Whether or not the assumptions about the restraining effects of the economic and political crisis were correct (and I do not share these assumptions), I would still argue that the administration failed to tap opportunities to engage Africa that would not have required a great expenditure of resources or distracted the President’s attention from the serious domestic issues. For example, the administration could have been more serious and genuine democratization in the continent, as in the Democratic Republic of Congo, Somalia, Ethiopia , etc.

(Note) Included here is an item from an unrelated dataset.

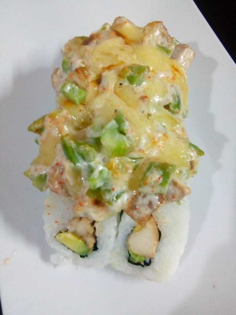 Aguacate, pollo, encima queso gratinado, bañado en salsa de anguila y aderezo.

Elsewhere in the developing world, some Obama supporters also argued that his Palestine/Israel policy during the first term was shaped by the American political realities of reelection. These optimists must have been shocked by the unequivocal remarks of the President that were precipitated by the Israeli bombardment of the Gaza Strip after the election. Obama’s victory in November 2012, rather than opening a new page in American Middle East policy and giving the President courage to embark on a more balanced and just course of action, appears to have intensified his pro-Israel stance. For Africans and their American supporters who dream about second-term transformation, the President’s remarks about Palestine should be a rude awakening. It is possible that in Obama’s second term his agenda might be unchained from old anchors through a miracle; however, all the signs point to the unlikelihood of meaningful progressive change.
The impact on Africa of any US regime change should be guided by three fundamental realities: (1) the general American interest in Africa and the individuals who are its key drivers; (2) the quality of the new President’s policy team on Africa; and (3) the nature of African interests and the identities of its leading champions. Systemically and critically analysing these issues would require several volumes and go well beyond the scope of this commentary. But I will try to suggest a number of key points to keep in mind when examining what Obama’s second term is likely to look like.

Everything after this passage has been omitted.